ASCO 2025 – Dizal goes after the BTK leaders

One of the follow-up molecules Dizal has after sunvozertinib, the EGFR drug due an FDA approval decision imminently, is the BTK/Lyn inhibitor DZD8586, and an ASCO presentation on the latter made the bold claim that this molecule remains active irrespective of prior treatment with covalent or non-covalent BTK inhibitors, or BTK degraders.

In the clinic, however, this remains only partly proven, at least in terms of strict responses by Recist criteria. As Dizal tries to upset the order in BTK inhibition, for which patients DZD8586 might be suitable goes to the heart of the molecule's dual design, which is meant to give it activity even in those who have lost BTK sensitivity.

The ASCO dataset, from two mid-stage Chinese trials, now comprises 51 CLL patients treated with 25-100mg doses, and comes after Dizal presented early but similarly inconclusive results in lymphoma at ASH 2023. DZD8586 is also now in a phase 3 study in relapsed/refractory CLL, where it's being compared against bendamustine/Rituxan.

Speaking to ApexOnco Dizal's chief executive, Xiaolin Zhang, said DZD8586 arose from work suggesting that half of the patients who relapse on traditional BTK inhibitors have mutations that effectively render BTK "dead", so the disease no longer relies on the BTK pathway.

Dizal found this especially to be the case in patients who fail on Lilly's Jaypirca, a non-covalent BTK inhibitor that is said to remain active in many patients who are given covalent inhibitors but relapse by developing the C481 mutation. Lyn, a member of the Src tyrosine kinase family, is thought to be an alternative resistance mutation.

The ASCO data focused only on 50mg and 75mg doses, where ORRs of 84% and 69% respectively were seen. 50mg is the dose taken forward into phase 3, and here the investigators split out activity in patients on prior BTK inhibitors (82% ORR) and a prior BTK degrader (one response in two subjects).

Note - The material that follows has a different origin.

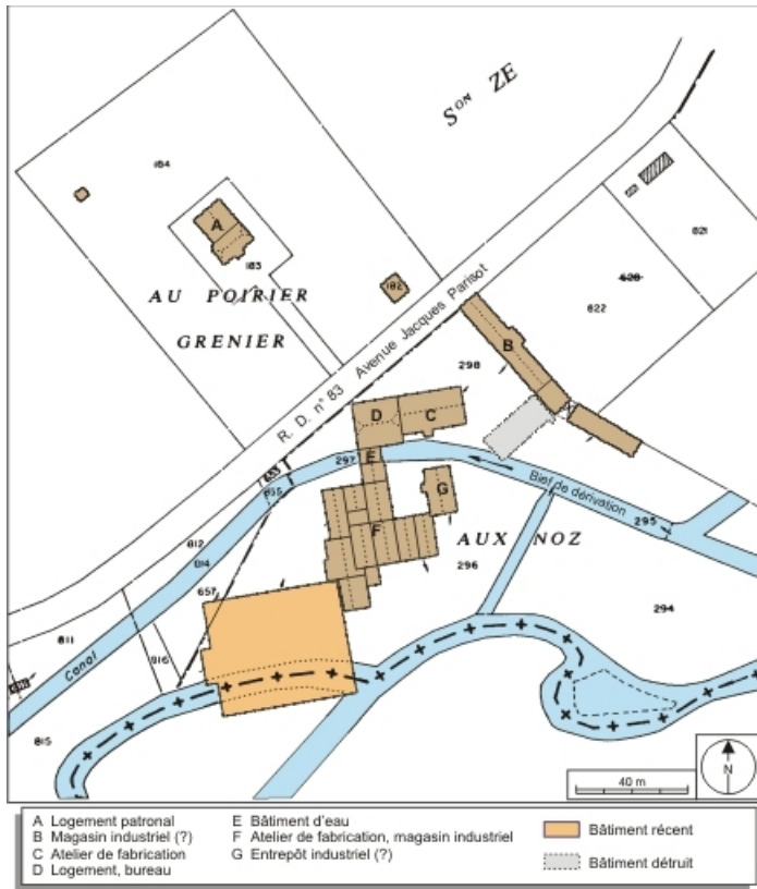
Plan-masse et de situation. Extrait du plan cadastral, 2008, section C, 1:1250 réduit à 1:1500.

However, while nearly all patients experienced tumour shrinkage, the authors weren't able to claim any responses in those who had received a non-covalent BTK inhibitor, who comprised 12% of the overall dataset.

Source: Dr Jianyong Li & ASCO.

The way CLL patients might be treated is important in the context of Jaypirca's ability to rescue covalent BTK failures, and the possibility that BTK degraders might be better than either covalent or non-covalent inhibitors – suggested to some extent by studies of BeOne's BGB-16673 and Nurix's NX-5948. Whether DZD8586 might be better still has yet to be shown.

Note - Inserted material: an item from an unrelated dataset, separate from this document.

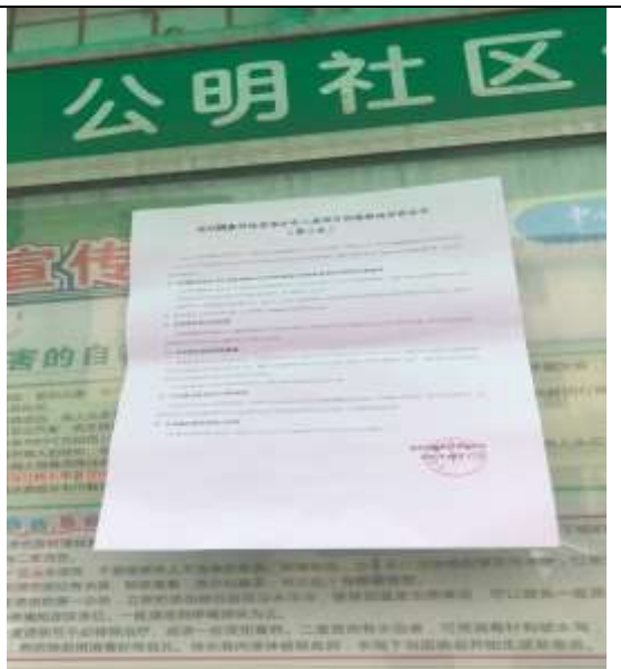
公明社区居委会公告栏粘贴照片
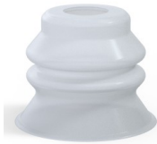
Référence déclinaison :

DZD8586's phase 3 study doesn't appear on clinicaltrials.gov, but Zhang said it included ex-China patients, so wasn't geared only towards approval in China. However, he said he wasn't interested in pursuing an accelerated pathway in the US, based on phase 2 data, citing a fast-changing landscape as complicating a confirmatory trial.

Sunvo first

That said, Dizal's first shot at breaking into the US remains the EGFR inhibitor sunvozertinib, awaiting FDA approval for relapsed NSCLC harbouring an EGFR exon 20 insertion, a use for which it's already approved in China.

Its US filing was accepted in January with priority review, suggesting a PDUFA date in July. The supporting WU-Kong1 study part B included patients after chemo with or without Rybrevant, but Zhang confirmed that the label Dizal was seeking was in post-chemo patients, without a restriction to post-Rybrevant use.

The company also has early work on a fourth-generation EGFR inhibitor, DZD6008, designed to hit classic as well as resistance mutations, including some developed in response to treatment with Tagrisso, with high selectivity for mutated versus wild-type EGFR. An ASCO poster showed three responses among 12 patients, all in post-Tagrisso subjects, but only two of these were confirmed.

Ultimately, whether Dizal is able to sell any drug outside China is up in the air. As it has no US presence, even if sunvo is approved by the FDA its launch depends on Dizal finding a licensing partner.